WORK ITEM:
Leave the pictures aside. Retype exactly the lines from the top of the data below through the one holding "La plaza de".

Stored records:

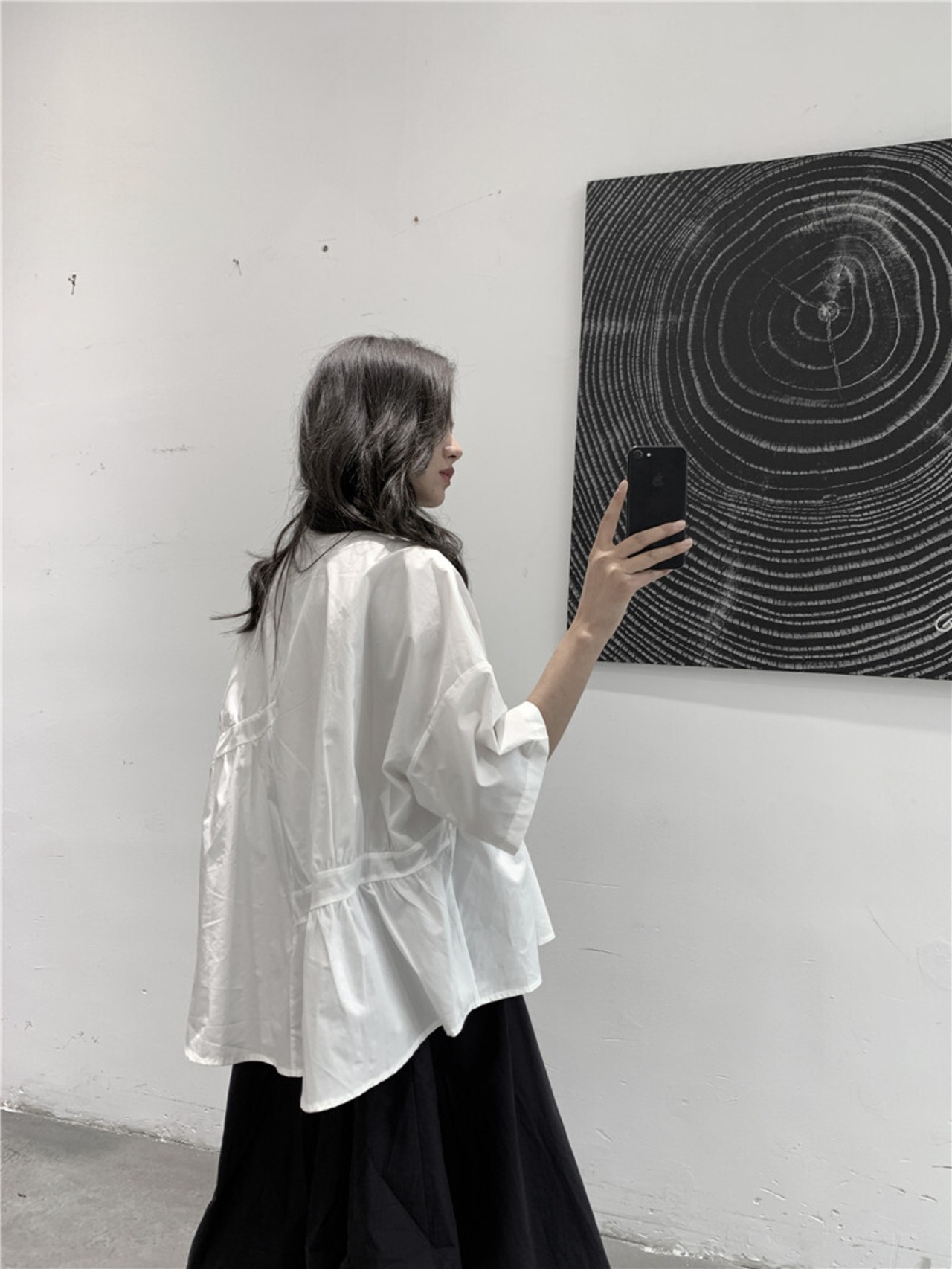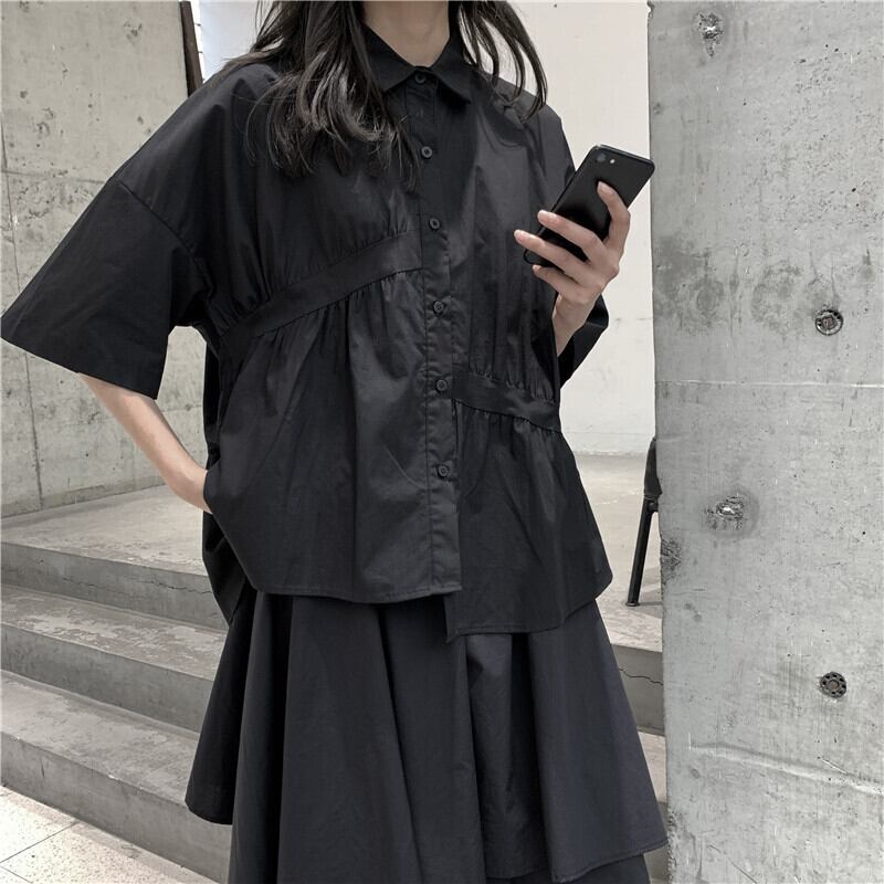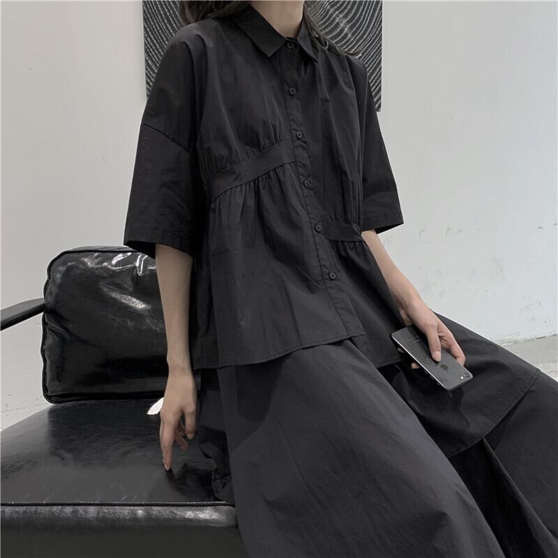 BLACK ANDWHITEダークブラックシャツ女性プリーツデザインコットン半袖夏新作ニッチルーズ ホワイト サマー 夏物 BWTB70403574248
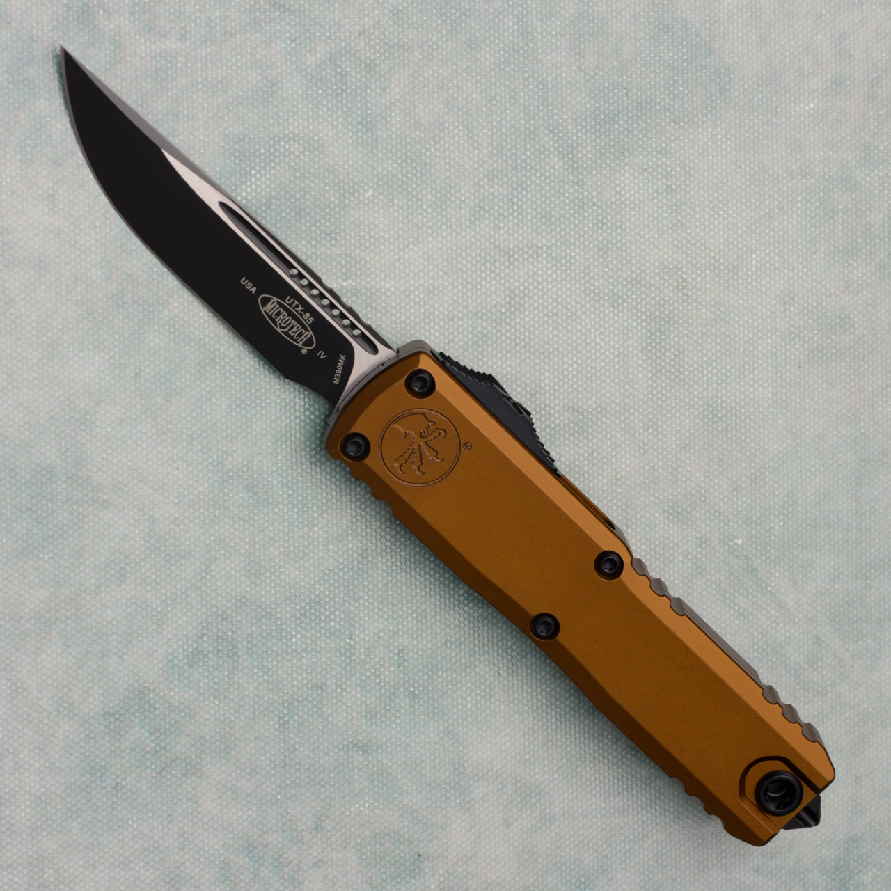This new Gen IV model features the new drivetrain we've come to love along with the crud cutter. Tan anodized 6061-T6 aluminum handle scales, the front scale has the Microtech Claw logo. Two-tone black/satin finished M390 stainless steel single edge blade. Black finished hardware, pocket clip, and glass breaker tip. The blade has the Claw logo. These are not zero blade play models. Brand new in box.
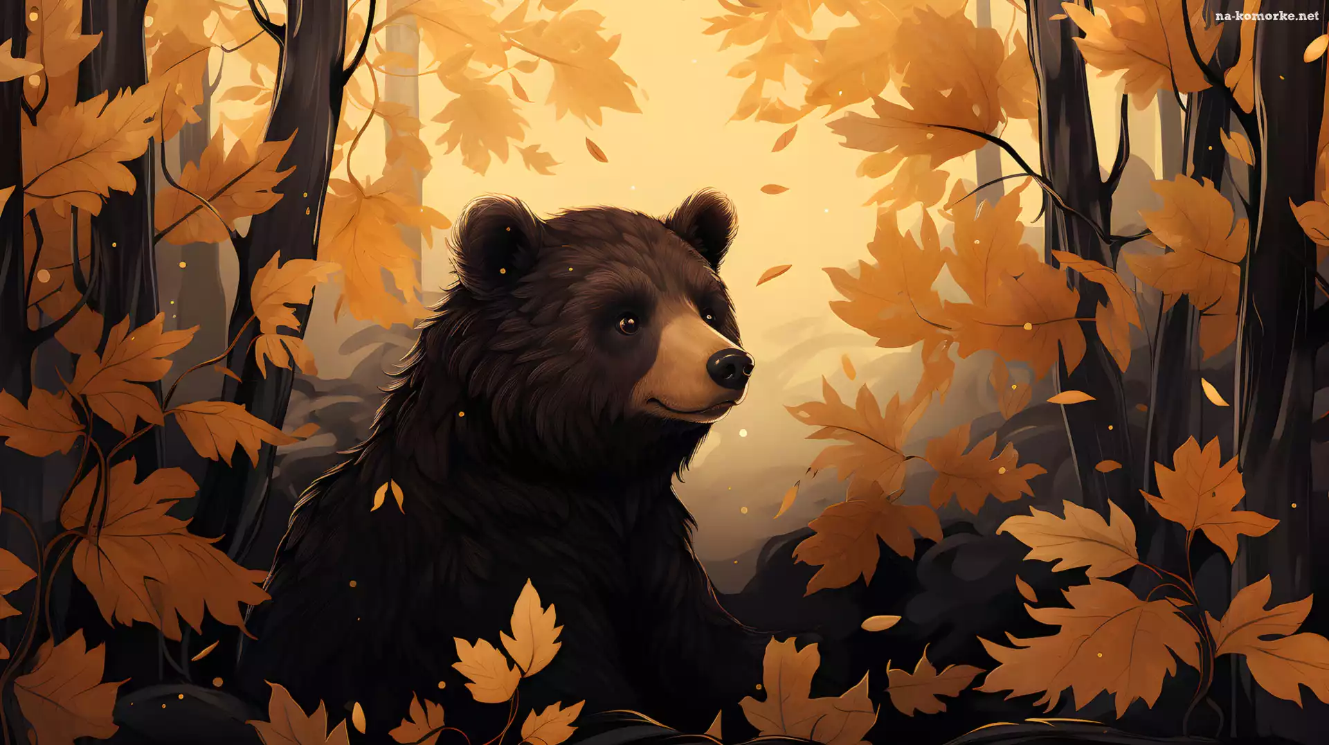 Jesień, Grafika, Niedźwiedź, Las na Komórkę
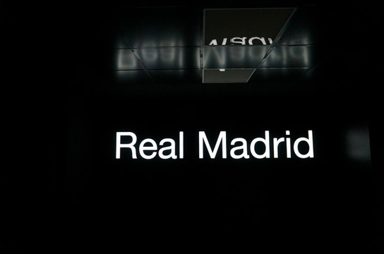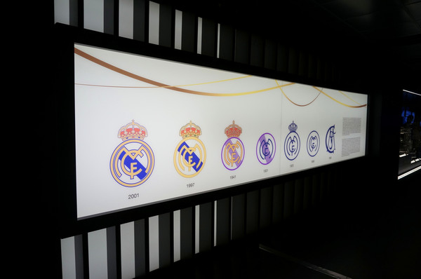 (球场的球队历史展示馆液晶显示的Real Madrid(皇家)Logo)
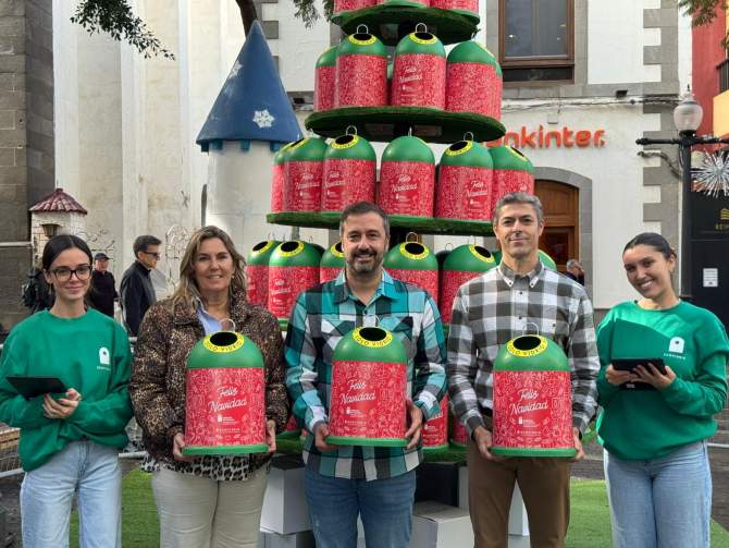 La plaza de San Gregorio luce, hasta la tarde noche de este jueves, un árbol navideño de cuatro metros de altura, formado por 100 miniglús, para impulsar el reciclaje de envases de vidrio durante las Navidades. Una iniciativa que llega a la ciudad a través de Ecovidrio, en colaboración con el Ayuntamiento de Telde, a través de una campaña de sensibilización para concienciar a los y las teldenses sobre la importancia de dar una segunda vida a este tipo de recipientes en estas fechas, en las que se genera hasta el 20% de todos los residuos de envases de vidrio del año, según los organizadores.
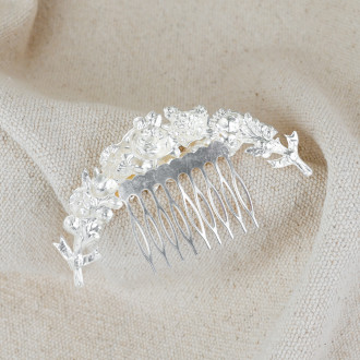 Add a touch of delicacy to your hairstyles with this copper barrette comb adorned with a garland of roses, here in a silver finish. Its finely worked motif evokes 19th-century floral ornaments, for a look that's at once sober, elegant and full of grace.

WORKED SOLUTION:
 BLACK ANDWHITEダークブラックシャツ女性プリーツデザインコットン半袖夏新作ニッチルーズ ホワイト サマー 夏物 BWTB70403574248
This new Gen IV model features the new drivetrain we've come to love along with the crud cutter. Tan anodized 6061-T6 aluminum handle scales, the front scale has the Microtech Claw logo. Two-tone black/satin finished M390 stainless steel single edge blade. Black finished hardware, pocket clip, and glass breaker tip. The blade has the Claw logo. These are not zero blade play models. Brand new in box.
 Jesień, Grafika, Niedźwiedź, Las na Komórkę
 (球场的球队历史展示馆液晶显示的Real Madrid(皇家)Logo)
 La plaza de San Gregorio luce, hasta la tarde noche de este jueves, un árbol navideño de cuatro metros de altura, formado por 100 miniglús, para impulsar el reciclaje de envases de vidrio durante las Navidades. Una iniciativa que llega a la ciudad a través de Ecovidrio, en colaboración con el Ayuntamiento de Telde, a través de una campaña de sensibilización para concienciar a los y las teldenses sobre la importancia de dar una segunda vida a este tipo de recipientes en estas fechas, en las que se genera hasta el 20% de todos los residuos de envases de vidrio del año, según los organizadores.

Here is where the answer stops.